##### Exercise data

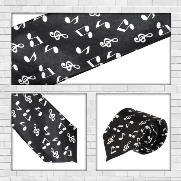 ネクタイ 音楽 音符 楽譜 黒 ブラック 白 ホワイト | タイ ミュージック 趣味 ステージ 演奏会 ビジネスマン 紳士 スーツ プレゼント 発表会 ライブ 衣装 父の
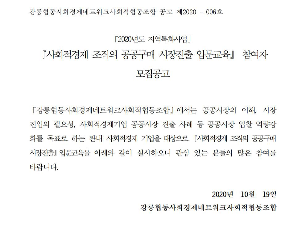 강릉협동사회경제네트워크에서는 공공구매 시장의 이해, 진입 필요성, 진출사례 등 공공시장 입찰 역량강화를 목적으로 하는 관내 사회적경제 기업을 대상으로 『사회적경제조직의 공공구매 시장진출 입문교육』을 실시합니다.
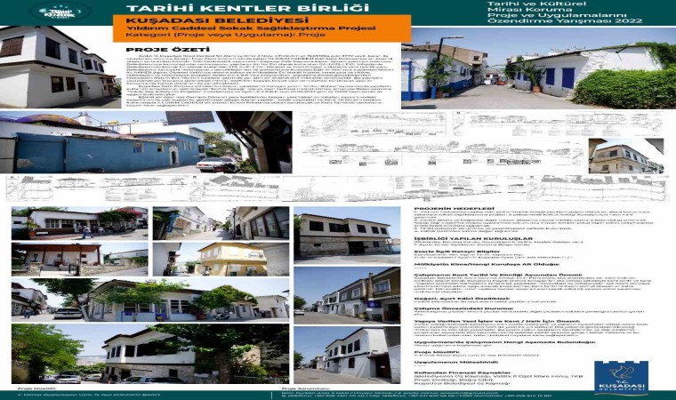 Tarihi Kentler Birliği (TKB) tarafından düzenlenen Tarihi ve Kültürel Mirası Koruma Proje ve Uygulamalarını Özendirme Yarışması’nda Kuşadası Belediyesi, ‘Yıldırım Caddesi Sokak Sağlıklaştırma Projesi’ ve Mücessem Hanım Evi olarak bilinen ‘75 Ada 39 Parsel Tescilli Yapı Rölöve, Restitüsyon ve Restorasyon Projesi’ projeleri ile iki ayrı başarı ödülüne layık görüldü.

##########

Instructions for the task -
If the material above contains pictures, exclude them from an otherwise exact transcription.

Expected answer -
 ネクタイ 音楽 音符 楽譜 黒 ブラック 白 ホワイト | タイ ミュージック 趣味 ステージ 演奏会 ビジネスマン 紳士 スーツ プレゼント 発表会 ライブ 衣装 父の
 강릉협동사회경제네트워크에서는 공공구매 시장의 이해, 진입 필요성, 진출사례 등 공공시장 입찰 역량강화를 목적으로 하는 관내 사회적경제 기업을 대상으로 『사회적경제조직의 공공구매 시장진출 입문교육』을 실시합니다.
 Tarihi Kentler Birliği (TKB) tarafından düzenlenen Tarihi ve Kültürel Mirası Koruma Proje ve Uygulamalarını Özendirme Yarışması’nda Kuşadası Belediyesi, ‘Yıldırım Caddesi Sokak Sağlıklaştırma Projesi’ ve Mücessem Hanım Evi olarak bilinen ‘75 Ada 39 Parsel Tescilli Yapı Rölöve, Restitüsyon ve Restorasyon Projesi’ projeleri ile iki ayrı başarı ödülüne layık görüldü.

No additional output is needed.